Del exagerado "no estoy de acuerdo con lo que dices pero defenderé hasta la muerte tu derecho a decirlo" (Evelyn Beatrice Hall) hemos pasado casi sin solución de continuidad a querer una condena penal para quienes dicen cosas que nos repelen. La condena debería ser social, de rechazo y desprecio, pero la condena social ya no funciona porque detrás de cada mentira, insulto o provocación hay un ejército de palmeros defendiendo al autor. Defender la libertad de expresión no es avalar lo que diga cualquier idiota sino defender que pueda decirlo.
En este sentido, hay que celebrar la absolución de Willy Toledo, procesado por cagarse en Dios y en la Virgen –con Alá y su profeta no se atreve–; la de César Strawberry por sus tuits burlones sobre Ortega Lara y ETA; la del autor de los ripios satíricos machistas sobre Irene Montero –mucho más suaves que los de cualquier explicació de la falla–; el archivo de la causa contra aquellos titiriteros que, ¡ojo!, pasaron cinco días en la cárcel, y el más reciente archivo en València de la causa abierta contra un community manager de Vox por delito de odio al afirmar en Twitter que los autores de una violación múltiple eran magrebíes cuando eran españoles. Y hay que lamentar que, ante estas sentencias, lluevan las críticas sobre los jueces que defienden nuestra libertad de expresión, la de todos, también la del partido de Santiago Abascal.
Si la mentira fuera delito, el actual colapso de la Justicia sería una anécdota. Para combatir la mentira hace falta un poco de inteligencia –el mentiroso te engaña una vez, a lo sumo dos– y más educación en valores, algo complicado en un momento de relativismo en el que se confunde la libertad de expresión con aquello de que todas las opiniones son respetables. Para nada. Hay opiniones deleznables, empezando por las que se basan en una mentira, pero la forma de combatirlas no es prohibir su expresión.
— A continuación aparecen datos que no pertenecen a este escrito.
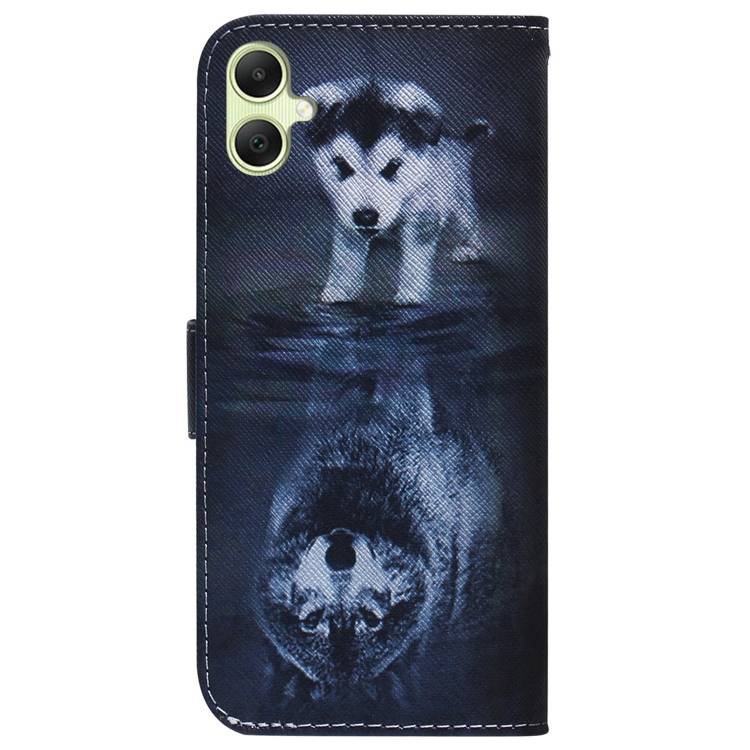 Funda de Cuero con Tapa para Samsung Galaxy A05 con Dibujo Coloreado (Lobo y Perro)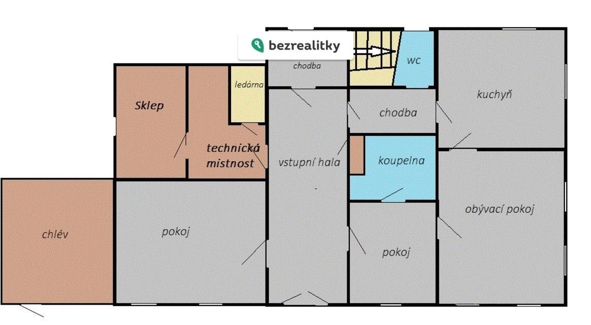 Dům je určen k rekonstrukci, což umožňuje novému majiteli přizpůsobit si nemovitost podle vlastních představ.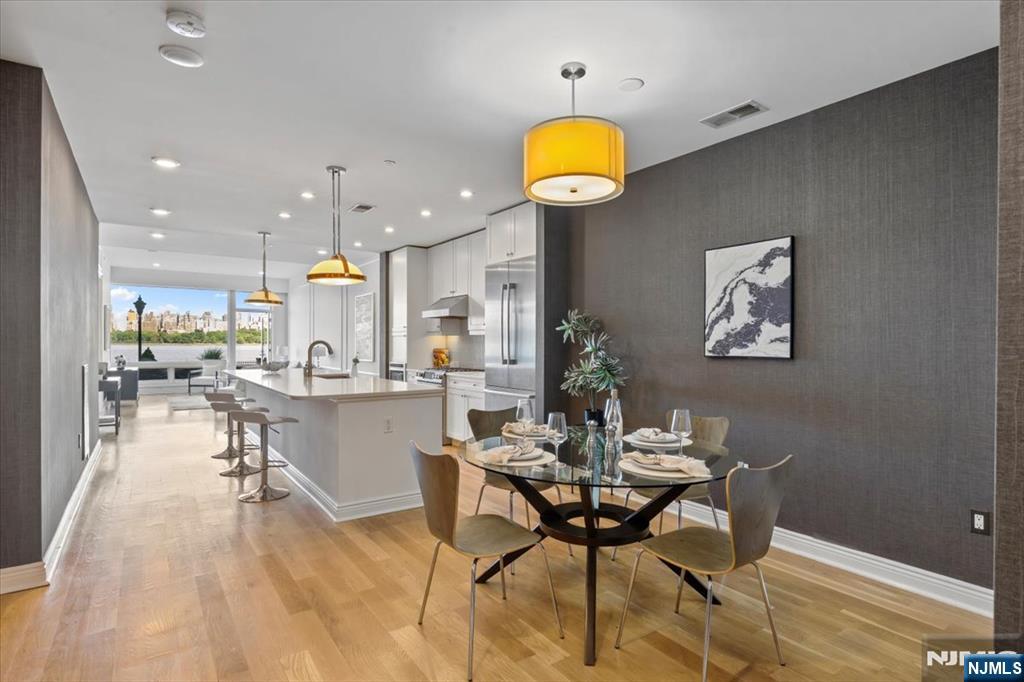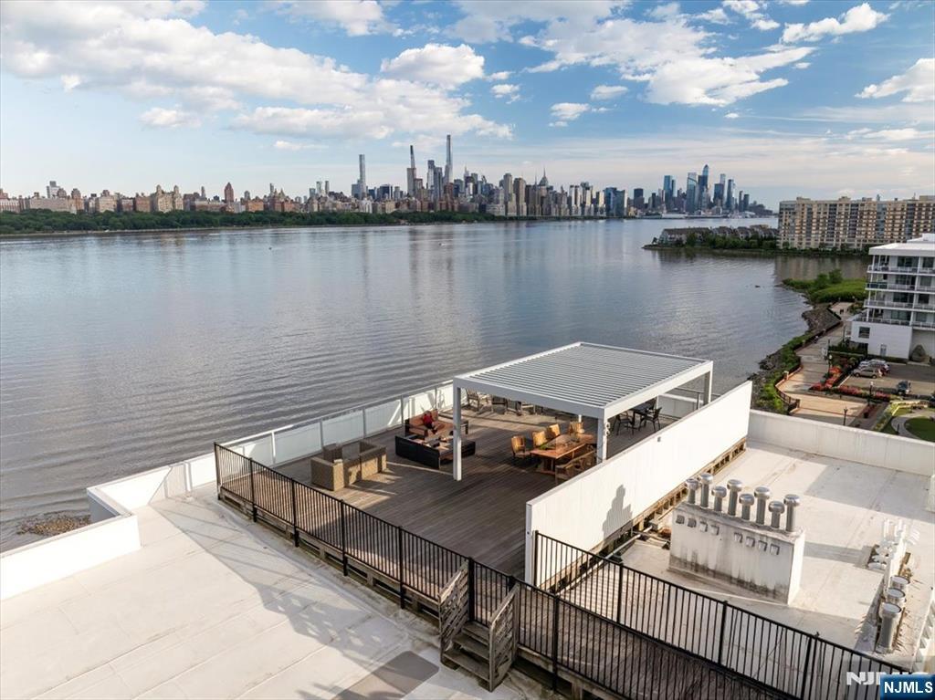 This is a RARE, UNIQUE find! Explore the VIRTUAL TOUR! Differentiators: ~1,467 sqft with UNOBSTRUCTED waterfront view, large terrace, 2 assigned parking spots, 3 bus routes ( (158, 159R, 156R) to Port Authority, 10 minutes building shuttle to light rail and ferry. Welcome to The Pearl, Edgewater's premier luxury building. Enjoy an expansive living space bathed in natural light from floor-to-ceiling windows, perfectly framing your private, unobstructed Manhattan skyline view. The huge private balcony extends your living area, ideal for dining or simply soaking in the vistas. The gourmet kitchen boasts high-end Bosch appliances, sleek Caesarstone countertops, and custom cabinetry. Residents of The Pearl enjoy unparalleled amenities: a fitness center, outdoor pool, resident lounge, skyline rooftop, and 24/7 concierge. Commuting is a breeze with The Pearl's shuttle to the NY Waterway Ferry (8 min to Midtown), plus easy access to three bus routes (158, 159R, 156R) to Port Authority and Hudson Bergen Light Rail. This highly sought-after unit includes two assigned parking spots. Edgewater thrives with everyday conveniences like Whole Foods, Trader Joe's, and Mitsuwa, plus diverse dining. Its proximity to Fort Lee expands shopping and culinary options even further. Don't miss this extraordinary chance for luxury, convenience, and an awe-inspiring view!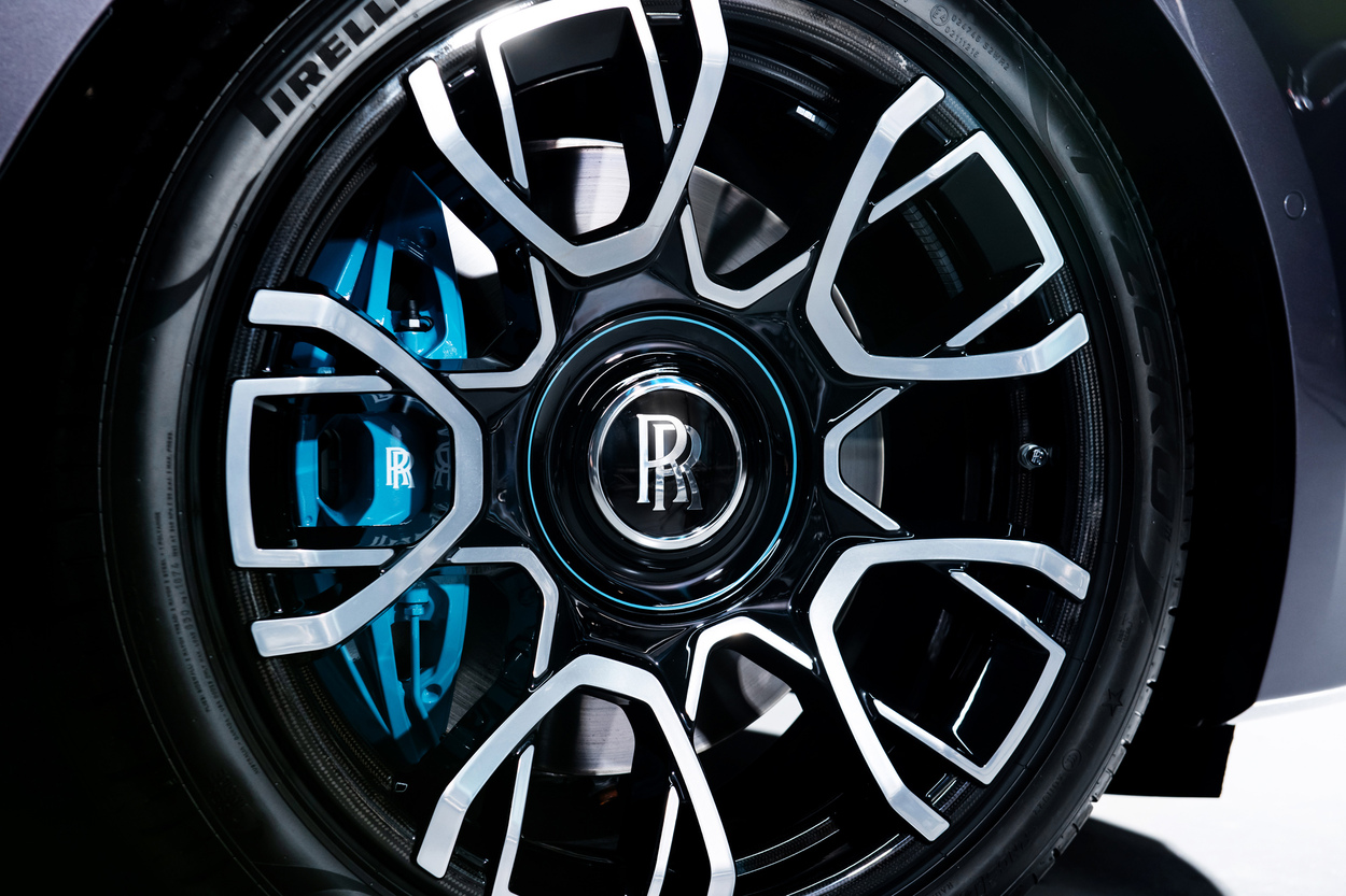 勞斯萊斯 Black Badge Ghost 的外觀設計還包括 Bespoke 高級定制的 21 吋複合輪框。該輪框延續了 Black Badge 風格,並打造了Black Badge Ghost 專屬設計,每個輪輻均由位於三軸之上的 22 片碳纖維組成,每片碳纖維在輪輻外邊緣向後折,共形成 44 片碳纖維,以提升強度。為凸顯材料卓越品質與非凡的表面效果,車輪採用淺色漆噴塗以保護飾面,與此同時,仍然可觀察到這款車框先進獨特的碳纖維結構。

Hace falta, en definitiva recuperar la condena social y no fiarlo todo al Código Penal. Recuperar la vergüenza. Cabe recordar que Carmen Montón tiene el honor –dicho sea sin retranca, pues le honra– de ser la última política que ha dimitido en España por una mentira, y de eso hace ya 21 meses. Desde entonces, ha llovido mucho y se ha mentido aún más.